Treating the Skin: A Psychological and Dermatological Crossroads

The potential psychological impact of having a visible skin condition, like vascular lesions, spider telangiectasia and  rosacea, is not life threatening, but it is much more than just skin deep. Psychodermatology, a new medical discipline, has been developed specifically to address the cause and effect relationship between mind and skin.

Studies by the American Academy of Dermatology, as well as other leading groups in the field, have revealed the following:

  • Depression is a frequent side effect for patients dealing with chronic skin disorders.
  • A study pertaining to psoriasis revealed American adults with psoriasis have suicidal thoughts at three times the rate of the general population.
  • 26% of adults with moderate to severe psoriasis have changed or discontinued parts of their normal daily activities.
  • Unemployment rates are higher among adults with acne problems.
  • Two out of five children with skin disorders also suffer from some sort of psychosocial impairment.

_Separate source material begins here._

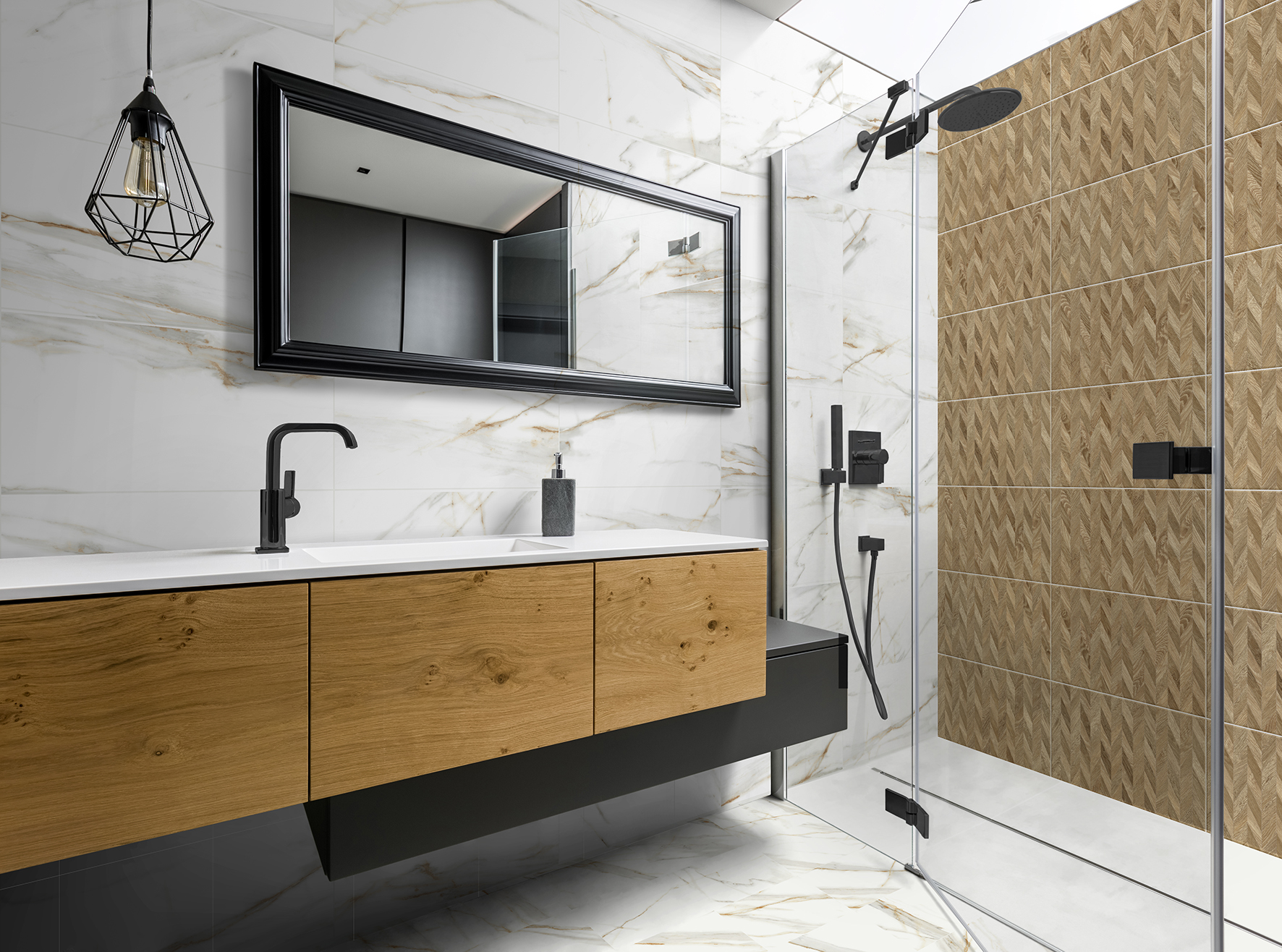 Fabricado en porcelánico de alta calidad, Wood Espiga Oak es resistente al desgaste, a los productos de limpieza y a la humedad, lo que lo convierte en una opción duradera y funcional para zonas de alto tránsito y ambientes húmedos. Su diseño en espiga, en tonos de roble, aporta un toque de distinción que encaja perfectamente en cualquier estilo decorativo.

Interestingly, no correlation was found between the severity of the patient’s condition to the severity of their psychological distress. A person with only a mild case of rosacea may develop severe psychological distress or almost none at all, and vice versa. Each degree of treatment success also saw its own wide array  psychological symptom abatement. If a patient’s skin responded well to treatment, the patient would also respond well psychologically. Greatest life satisfaction, however, was achieved by patients who were able to accept that some symptoms might remain or recur regardless of the success of their treatment.

Treatment of a patient’s physical symptoms may be only half of the battle, but that battle is getting easier to fight every day. Intense pulsed light therapy is one example of an effective, non-invasive, non-ablative skin treatment which often gets results with almost no patient downtime and greatly reduced risk of side effects.

The other half of the battle engages the psychological effects of a patient’s physical symptoms.

Psychodermatology isn’t as established in the United States as it is in Europe, where some countries have been at the forefront of this treatment for quite some time. In the United Kingdom, initiatives like YP Face IT (which stands for “Young People, Face It”) have launched as an online outlet and education forum for young people who may have an unusual appearance.

According to the ‘About’ section of their website, These conditions range from any of the following:

  • Skin conditions like, vitiligo, ichthyosis, eczema, acne, psoriasis, neurofibromatosis or epidermolysis bullosa.
  • Scarring from accidents, burns or surgery.
  • Medical treatments such as chemotherapy or radiotherapy.
  • Conditions from birth, for example birthmarks, cleft lip or other craniofacial conditions.

The organization offers a seven-week program designed to teach kids coping strategies and social skills, while also providing a support group of others who are experiencing the same struggles.

YP Face IT is still being evaluated for effectiveness, but preliminary results suggest the program improves assertiveness and social skills and decreases social anxiety.